Either I'm going to die, or someone whom I love very much is going to die. I know this with all of my heart and soul. It may not be today, it may not be tomorrow, but it will be soon, and when it happens, I'm going to go crazy because I won't be able to deal with it. How do I know that I'm going to be struck with some fatal form of cancer, or that one of my lovely children is going to be hit by a car, or fall down the stairs at school? Because I'm me. My luck has been really good lately, so I know that there's something just waiting and lurking around the corner. When I least expect it, it's going to jump out and slam me. So if I think about it all of the time, if I worry and obsess, it can never catch me unaware.

So I think about it all of the time, I prepare myself for every bad thing that could happen, imagining the worst things that could possibly happen so that I can prepare myself. Having a very fertile imagination that's a torment in and of itself, let me tell you.

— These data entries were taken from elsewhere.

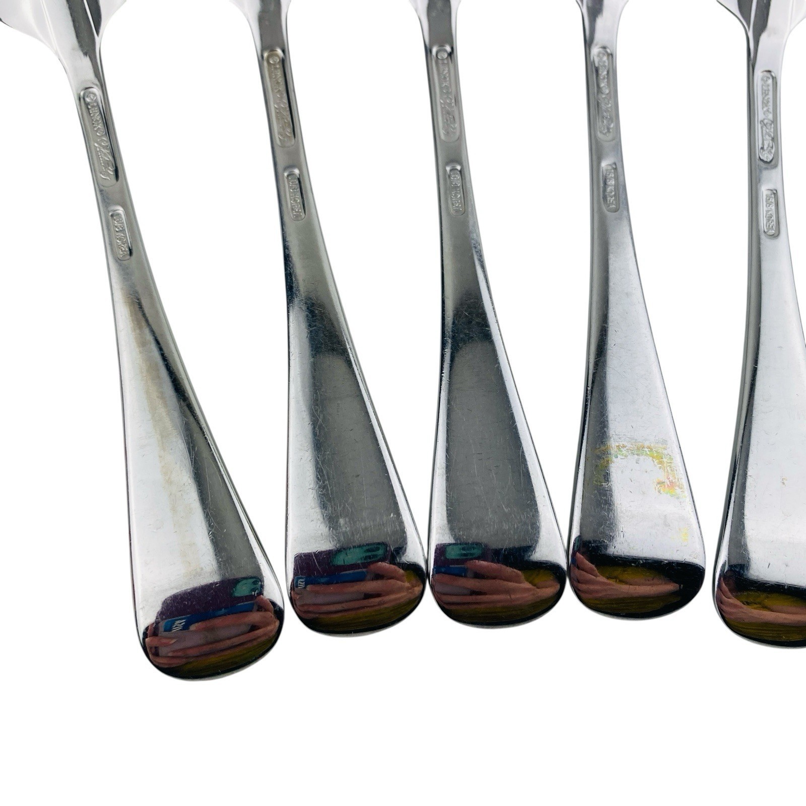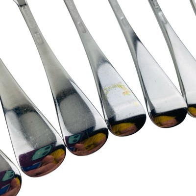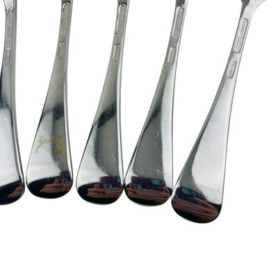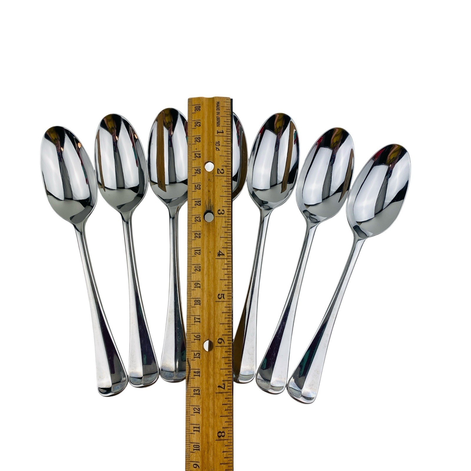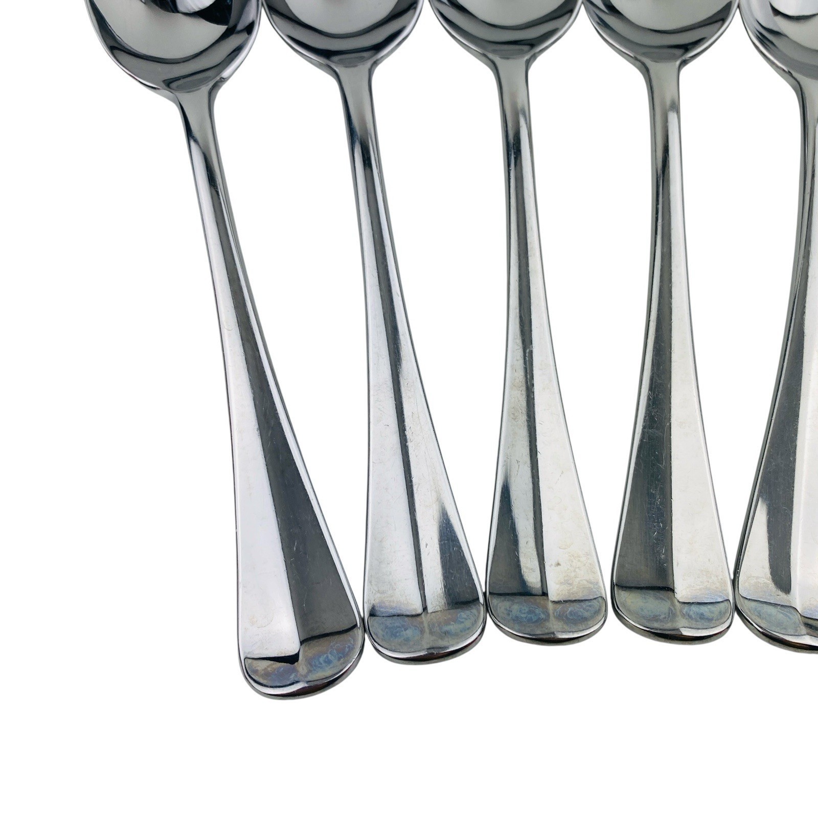 Set of seven Lenox Williamsburg Royal Scroll Place/Oval Soup tablespoons. The spoons measure 6 7/8 inches long. Stainless steel 18/8, glossy finish, made in Korea. The spoons are in very good preowned condition with light signs of use. There is a spot of discoloration on the back handle of one spoon; please see pictures for exact condition details. Ships next day! Check my store for other Lenox Williamsburg Royal Scroll flatware replacement pieces.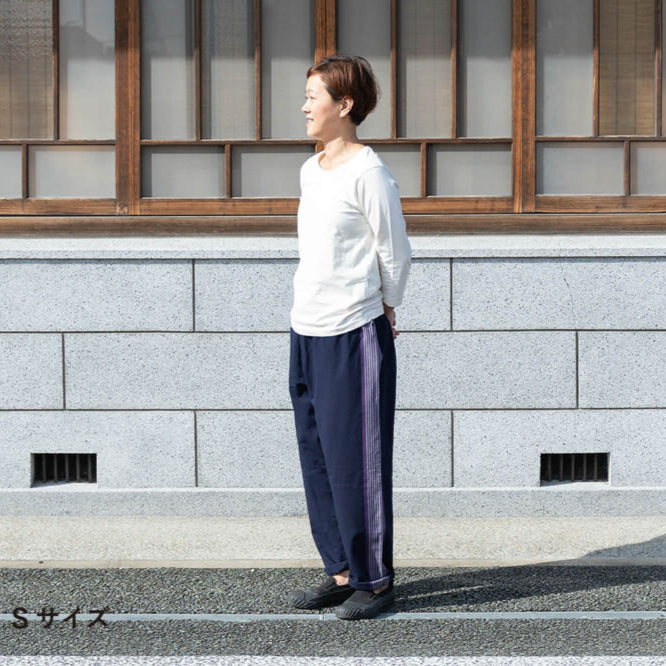 昔ながらのもんぺの形に近いゆったりシルエットのもんぺです。まるでスポーツウェアのトラックパンツのようにサイドにラインが入っています。
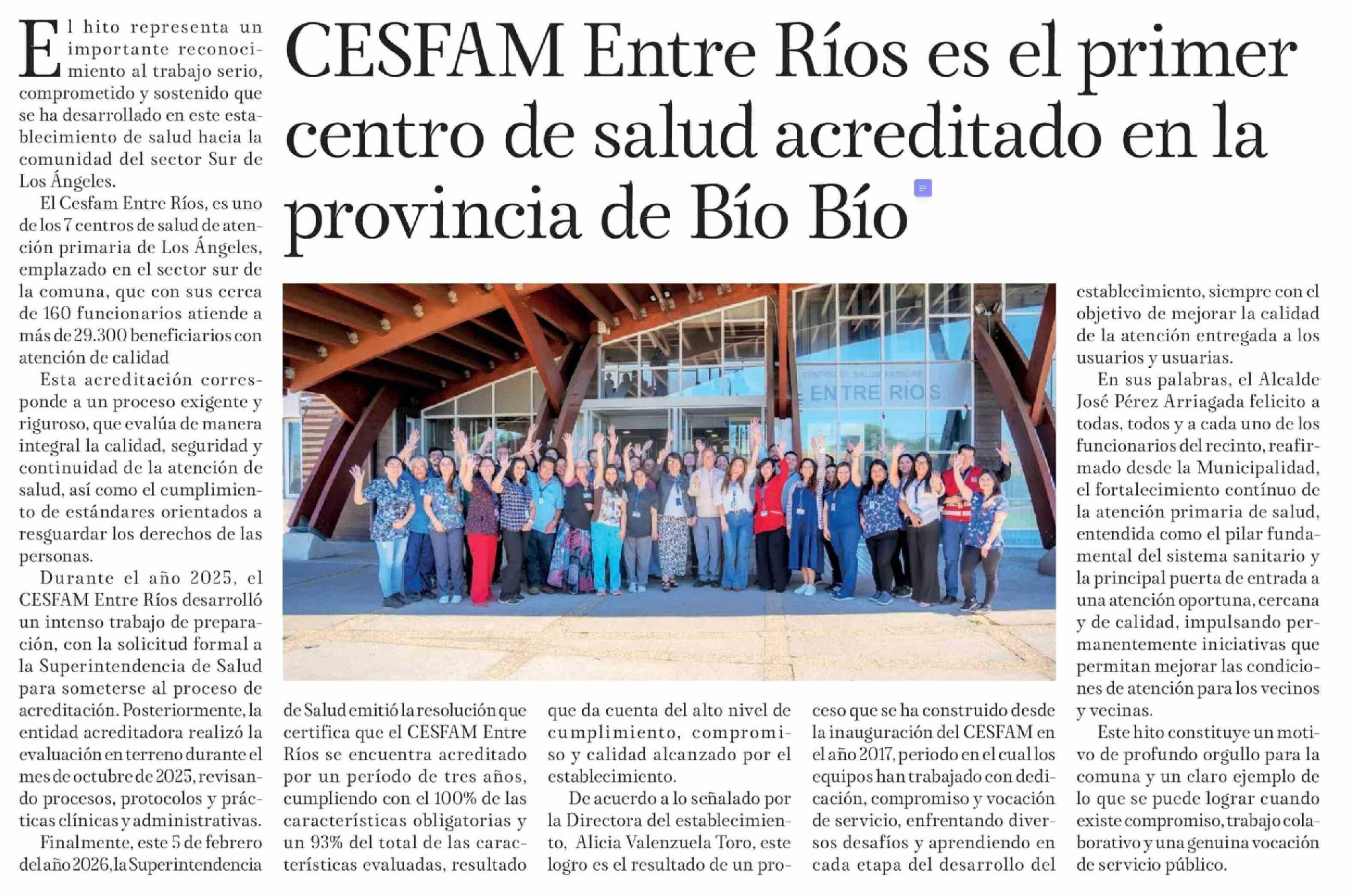 Título: CESFAM Entre Ríos es el primer centro de salud acreditado en la provincia de Bío Bío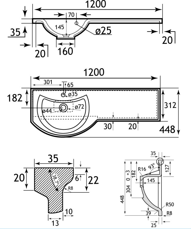- 1200mm (L) x 448mm (W) x mm (H)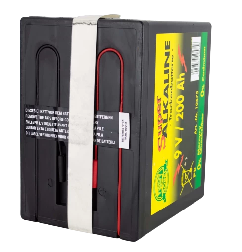 Die super Alkalische Trockenbatterie ist quecksilber- und kadmiumfrei. Am Ende der Leistungsdauer nimmt die Spannung bei alkalischen Weidezaunbatterien im Vergleich mit Zink/Kohle Weidebatterien wesentlich rapider ab.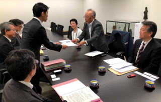 長崎県商工団体連合会は26日、新型コロナウイルス感染による経済的影響が深刻化する中、「中小業者・小規模事業者とフリーランスを守る緊急対策の要請」を中村法道知事に宛てて提出しました。徳永隆行会長と森和史事務局長が、政府の自粛要請などにより苦境に追い込まれている中小業者などへの支援を求めました。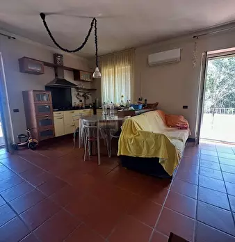 villa residenziale di 148 mq \nSUDDIVISA IN DUE APPARTAMENTI\nAPP SUB 1 piano terra rialzato costituito da una sala e un bagno, attraverso una scala\ninterna si raggiunge un disimpegno al piano primo sottotetto da cui si accede a due camere di ...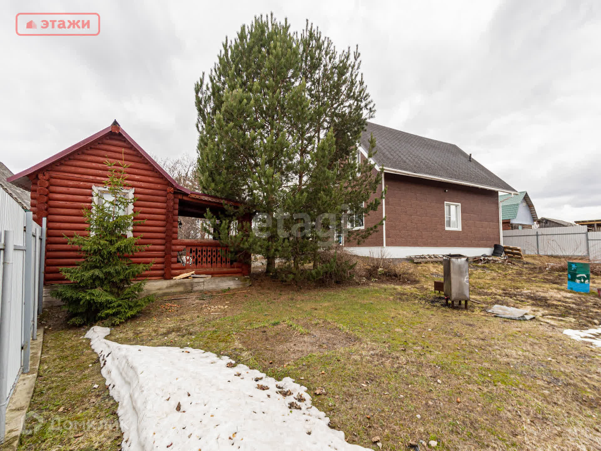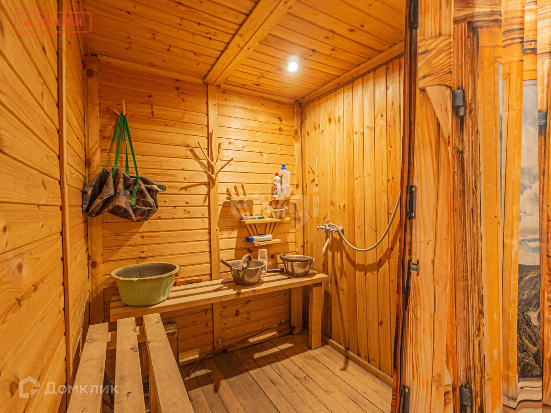 На участке 13,5 соток расположена баня из калиброванного бруса площадью 27 м², вода проведена. Построен большой сарай. Сделана площадка под каркасный бассейн.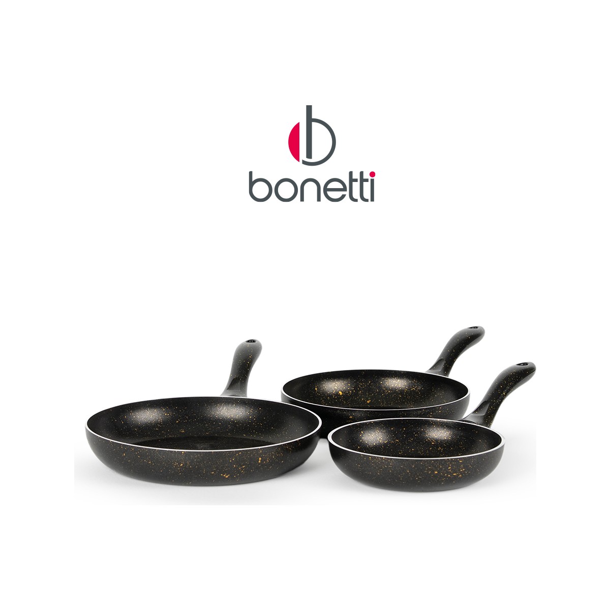 Bonetti Premium 3’lü Granit Tava Seti Yanmaz Yapışmaz Çizilmez Siyah | 20-24-28 cm |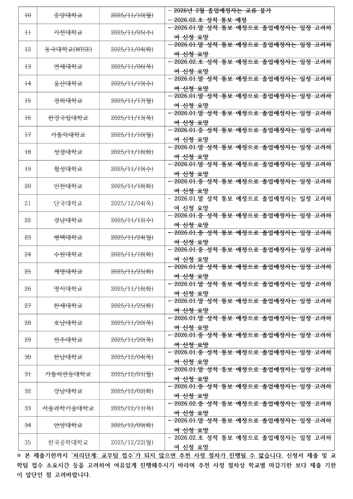 제출기한 내 '처리상태:교무팀접수'가 되지 않을 시 자동 추천사정에 탈락되는 점 참고 바랍니다.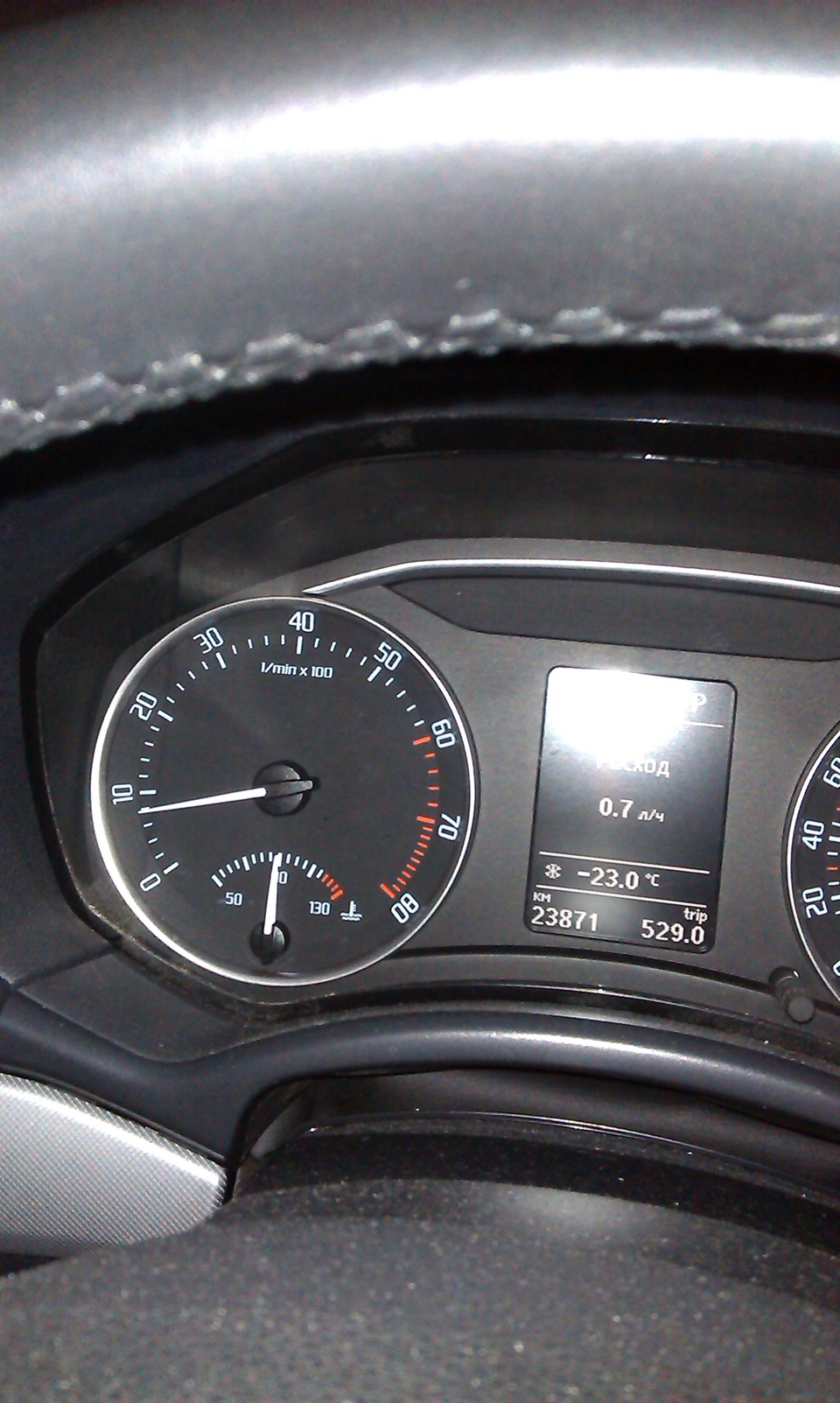 Копясь в фотках сделанных телефоном, нашел фотографию — сделанную через месяц после покупки машины. Я сфоткал расход на прогретой машине, чтобы не забыть потом.

Thinking about it all of the time is stressing me out though, my body is very tense and soon starts to rebel at all of the stress... My throat feels like it's closing in on itself, I have chest pain, all of my joints hurt, and I'm tired all of the time but I can't sleep because I'm too busy obsessing to rest.

Do these aches and pains serve as a wake up call for your poor insane friend? NO! Instead I'm sure that the chest pain is lung cancer, my tight throat is some form of throat cancer, and my anxiety intensifies.

Do you have a picture in your head yet?

"Why don't you go to a doctor and have your fears put to rest?" I'm sure I hear you asking... Because if I go to a doctor he's going to tell me how very sick I am, and then I'd more than likely have a breakdown (I know you're seeing the irony LOL).

I knew I was having problems with anxiety, but knowing wasn't making my problems go away unfortunately. Fortunately I do have a wonderful doctor. When I finally went in (for an allergy; you didn't really think I'd make an appointment for my anxiety did you? lol) and mentioned I was having some problems dealing with life, he was very kind, and didn't call me a nut , nor did he send me to see a shrink (which I wouldn't have done anyway). He just let me know that I was not all that abnormal, and that in some people a traumatic (have I mentioned that John almost died a year ago this week?) event can trigger a serotonin imbalance. In some people it manifests as depression, in others, anxiety. So I just need to reset the serotonin processors in my brain, and then I'll be back to my normal, lovable, unmedicated self (no comments John) in about a year.

Now those of you who have dealt with anxiety are all nodding your heads. Your anxiety may not have manifested in the same way mine did, but you know those feelings of terror and helplessness as you watch your world spin out of control. Those of you who are lucky enough not to have ever dealt with this in your life, just think I'm crazy. LOL That's ok, I'm dealing with this now, and I don't mind if people think I'm crazy. The important thing is that if you're dealing with this, or something similar. Get help! I can't stress that enough. I don't know why I waited so long. There's no shame in asking for help so that you can learn to control it on your own. You'll feel so much better when all is said and done.

So those are the big things that have been going on in my life the last couple of months. Nothing too entertaining or amusing (though as I look back I'm beginning to see the humor in the anxiety), but just real life junk.

You know how it is...
*Hugs*

1 comment:

Vicki Hook said...

Wow Anne, it's good to see you "venting"! And glad you're turning things around! HUGS!